That August, Abu Saoud, then the governor of Sudan safely ensconced in Khartoum, received instructions from Cairo to put an end to the annoying holy man on Abba Island who was creating so much trouble for the Egyptian overseers and tax-collectors.Badly underestimating the forces arraying against him, as well as the devotion of the Mahdi’s followers to their leader, he sent a column of two hundred soldiers up the Nile to Abba, with orders to arrest or eliminate the Mahdi.
Armed only with clubs and rocks, swords and spears—and a fanatical belief in their leader and his teachings—the Mahdi’s disciples ambushed Saoud’s soldiers and literally butchered them.Immediately after their victory, the Mahdi and his faithful, now between ten and twelve thousand strong with their motley armament augmented by the captured muskets of the annihilated Egyptian column, left Abba Island and headed for Mt.Jebel Gedir, in the depths of Kordofan, intent upon retaking the Sudan in the name of Islam.
It was a ragtag force, impressive due to its sheer size rather than from any organizational strength or tactical abilities.Still, the Mahdi would prove to have considerable natural skills in logistics and in moving masses of his followers over long distances.When, in December 1881, a second column of some fourteen hundred Egyptian soldiers met with the same fate as the first, he rapidly began gaining an aura of invincibility.Each victory, however small or large, brought in hundreds of new followers, while adding new weapons to the army’s arsenal and swelling its coffers with money, jewelry, and personal valuables looted from the bodies of the slain.

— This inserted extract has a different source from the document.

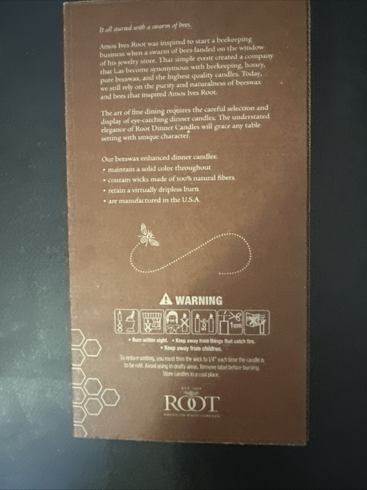 Enhance the ambiance of your dining experience with these beautiful Root Grecian Collenette Candles. Crafted from a blend of beeswax, these tapered/dinner candles come in a pack of four and burn for 2.5 hours per inch. The autumn color adds a warm and inviting touch to any space while the unscented smell ensures that your guests can focus on the food and conversation. Made in the United States, these candles have a size of 1.25" x 9" and a shape that is sure to impress. The brand, A.I. Root, is known for their quality and reliability. Add these candles to your home and take your dining experience to the next level.
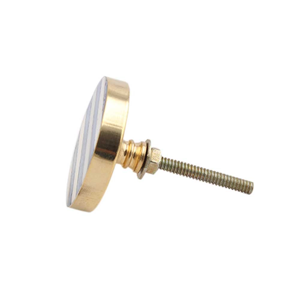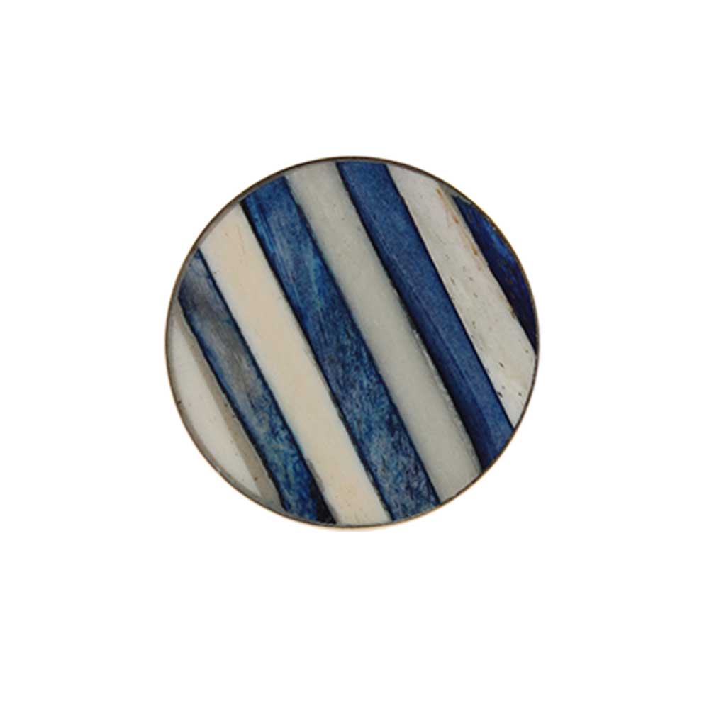 The Round Slate Blue White Metal and Bone Knob combines modern design with natural materials, providing a stylish upgrade for your furniture. Handcrafted from slate blue, white, metal, and bone, this knob adds a touch of luxury and sophistication to any door or drawer. Its round shape offers a comfortable grip, while the attractive design enhances your home decor.

What had seemed for so long to be a smoldering rebellion against Egyptian authority now flared up into open revolt throughout the Sudan.For reasons that were beyond the Mahdi’s control but from which he would benefit, the uprising was no longer just a “situation” but an all-out crisis for Cairo.When the Mahdi finally faced Cairo’s next attempt to bring him to bay, it would be no small column of soldiers he would encounter—it would be an army.

CHAPTER 3
REVOLT IN THE DESERT
When the Mahdi declared himself and his followers in open revolt against the Egyptians in mid-1881, rebellion in the Sudan had already begun, but his proclamation of jihad , or holy war, against the “Turks” made him the rallying point for tremendous additional unrest that had been threatening to boil over for more than a decade.In the process he gave the energy aroused from discontent a purpose and a direction.Perhaps even more significantly, by proclaiming jihad , the Mahdi provided Sudanese defiance with a moral legitimacy, a spiritual underpinning that would not only sustain it but even increase its fury.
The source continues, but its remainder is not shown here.